BEGIN Data records

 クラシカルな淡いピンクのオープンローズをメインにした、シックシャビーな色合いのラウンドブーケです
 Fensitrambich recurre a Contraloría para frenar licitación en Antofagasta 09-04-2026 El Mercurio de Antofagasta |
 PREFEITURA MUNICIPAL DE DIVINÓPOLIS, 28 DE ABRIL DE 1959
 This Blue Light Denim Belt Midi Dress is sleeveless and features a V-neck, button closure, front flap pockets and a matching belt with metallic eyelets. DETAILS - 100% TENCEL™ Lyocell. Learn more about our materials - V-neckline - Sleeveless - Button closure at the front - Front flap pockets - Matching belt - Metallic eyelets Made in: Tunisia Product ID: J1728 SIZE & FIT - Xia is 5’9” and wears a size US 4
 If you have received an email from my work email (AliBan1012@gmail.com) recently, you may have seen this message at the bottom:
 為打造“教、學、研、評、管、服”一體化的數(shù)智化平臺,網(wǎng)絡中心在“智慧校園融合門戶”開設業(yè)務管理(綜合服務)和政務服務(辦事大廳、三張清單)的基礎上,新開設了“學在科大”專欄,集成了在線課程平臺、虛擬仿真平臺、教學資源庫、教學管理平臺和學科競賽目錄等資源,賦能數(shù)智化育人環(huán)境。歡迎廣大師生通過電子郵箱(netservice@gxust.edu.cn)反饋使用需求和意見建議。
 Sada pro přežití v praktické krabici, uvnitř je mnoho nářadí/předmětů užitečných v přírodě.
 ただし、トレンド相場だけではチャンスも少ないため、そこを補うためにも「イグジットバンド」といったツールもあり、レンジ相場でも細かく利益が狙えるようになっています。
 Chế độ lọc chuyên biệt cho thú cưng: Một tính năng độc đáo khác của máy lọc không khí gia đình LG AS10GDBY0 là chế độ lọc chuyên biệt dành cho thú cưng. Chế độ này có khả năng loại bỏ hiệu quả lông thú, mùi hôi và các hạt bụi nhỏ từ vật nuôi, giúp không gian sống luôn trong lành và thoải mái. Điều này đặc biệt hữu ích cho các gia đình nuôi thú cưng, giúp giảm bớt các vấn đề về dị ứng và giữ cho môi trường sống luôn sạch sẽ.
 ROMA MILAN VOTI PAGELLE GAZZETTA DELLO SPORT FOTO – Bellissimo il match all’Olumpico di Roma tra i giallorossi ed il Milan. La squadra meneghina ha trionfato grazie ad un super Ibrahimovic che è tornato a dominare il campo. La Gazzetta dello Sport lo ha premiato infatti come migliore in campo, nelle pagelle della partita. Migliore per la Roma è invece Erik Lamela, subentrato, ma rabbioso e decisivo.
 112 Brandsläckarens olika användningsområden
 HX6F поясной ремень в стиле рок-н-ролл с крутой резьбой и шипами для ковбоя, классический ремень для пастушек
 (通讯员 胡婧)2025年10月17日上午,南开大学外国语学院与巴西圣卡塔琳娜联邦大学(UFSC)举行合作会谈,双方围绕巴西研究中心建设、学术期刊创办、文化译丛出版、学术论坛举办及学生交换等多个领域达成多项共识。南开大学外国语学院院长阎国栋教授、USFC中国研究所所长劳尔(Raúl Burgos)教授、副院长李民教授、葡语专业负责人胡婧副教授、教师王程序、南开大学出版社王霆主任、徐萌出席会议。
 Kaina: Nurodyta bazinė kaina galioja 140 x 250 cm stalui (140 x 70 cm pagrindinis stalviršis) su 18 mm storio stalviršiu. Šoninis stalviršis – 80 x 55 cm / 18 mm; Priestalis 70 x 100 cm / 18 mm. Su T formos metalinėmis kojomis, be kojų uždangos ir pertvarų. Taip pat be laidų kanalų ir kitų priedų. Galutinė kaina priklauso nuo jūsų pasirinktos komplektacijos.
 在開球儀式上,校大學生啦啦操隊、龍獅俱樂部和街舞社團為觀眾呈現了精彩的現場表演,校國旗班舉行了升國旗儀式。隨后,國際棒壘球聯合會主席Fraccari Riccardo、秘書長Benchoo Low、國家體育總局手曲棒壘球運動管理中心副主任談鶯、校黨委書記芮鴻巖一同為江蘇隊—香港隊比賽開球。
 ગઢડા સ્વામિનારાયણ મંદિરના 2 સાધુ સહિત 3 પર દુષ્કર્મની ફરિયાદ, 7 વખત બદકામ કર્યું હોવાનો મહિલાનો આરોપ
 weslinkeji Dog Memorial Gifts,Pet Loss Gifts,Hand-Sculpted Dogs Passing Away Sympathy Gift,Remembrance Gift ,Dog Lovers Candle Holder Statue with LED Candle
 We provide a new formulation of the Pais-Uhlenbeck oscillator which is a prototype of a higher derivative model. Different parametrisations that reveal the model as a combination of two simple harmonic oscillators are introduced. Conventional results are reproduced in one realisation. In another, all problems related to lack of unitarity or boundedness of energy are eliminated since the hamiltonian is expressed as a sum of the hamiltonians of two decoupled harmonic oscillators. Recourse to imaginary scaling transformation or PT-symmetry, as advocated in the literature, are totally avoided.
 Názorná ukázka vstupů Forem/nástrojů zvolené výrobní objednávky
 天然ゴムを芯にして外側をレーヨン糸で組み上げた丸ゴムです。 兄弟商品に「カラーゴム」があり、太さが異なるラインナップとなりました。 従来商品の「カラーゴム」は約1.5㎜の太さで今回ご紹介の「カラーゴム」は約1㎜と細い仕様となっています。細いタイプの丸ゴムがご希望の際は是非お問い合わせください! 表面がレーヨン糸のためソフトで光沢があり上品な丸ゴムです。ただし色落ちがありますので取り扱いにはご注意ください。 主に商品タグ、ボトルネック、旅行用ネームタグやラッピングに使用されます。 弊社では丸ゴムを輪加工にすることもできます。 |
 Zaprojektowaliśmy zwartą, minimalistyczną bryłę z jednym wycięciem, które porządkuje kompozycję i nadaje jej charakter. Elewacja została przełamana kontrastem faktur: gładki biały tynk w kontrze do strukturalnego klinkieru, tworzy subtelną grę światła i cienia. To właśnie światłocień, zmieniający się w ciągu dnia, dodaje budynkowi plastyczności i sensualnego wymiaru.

END Data records

Go to the line holding "We provide a" in the entries above and return it, along with every line after it, exactly as written.

Answer to this exercise:
 We provide a new formulation of the Pais-Uhlenbeck oscillator which is a prototype of a higher derivative model. Different parametrisations that reveal the model as a combination of two simple harmonic oscillators are introduced. Conventional results are reproduced in one realisation. In another, all problems related to lack of unitarity or boundedness of energy are eliminated since the hamiltonian is expressed as a sum of the hamiltonians of two decoupled harmonic oscillators. Recourse to imaginary scaling transformation or PT-symmetry, as advocated in the literature, are totally avoided.
 Názorná ukázka vstupů Forem/nástrojů zvolené výrobní objednávky
 天然ゴムを芯にして外側をレーヨン糸で組み上げた丸ゴムです。 兄弟商品に「カラーゴム」があり、太さが異なるラインナップとなりました。 従来商品の「カラーゴム」は約1.5㎜の太さで今回ご紹介の「カラーゴム」は約1㎜と細い仕様となっています。細いタイプの丸ゴムがご希望の際は是非お問い合わせください! 表面がレーヨン糸のためソフトで光沢があり上品な丸ゴムです。ただし色落ちがありますので取り扱いにはご注意ください。 主に商品タグ、ボトルネック、旅行用ネームタグやラッピングに使用されます。 弊社では丸ゴムを輪加工にすることもできます。 |
 Zaprojektowaliśmy zwartą, minimalistyczną bryłę z jednym wycięciem, które porządkuje kompozycję i nadaje jej charakter. Elewacja została przełamana kontrastem faktur: gładki biały tynk w kontrze do strukturalnego klinkieru, tworzy subtelną grę światła i cienia. To właśnie światłocień, zmieniający się w ciągu dnia, dodaje budynkowi plastyczności i sensualnego wymiaru.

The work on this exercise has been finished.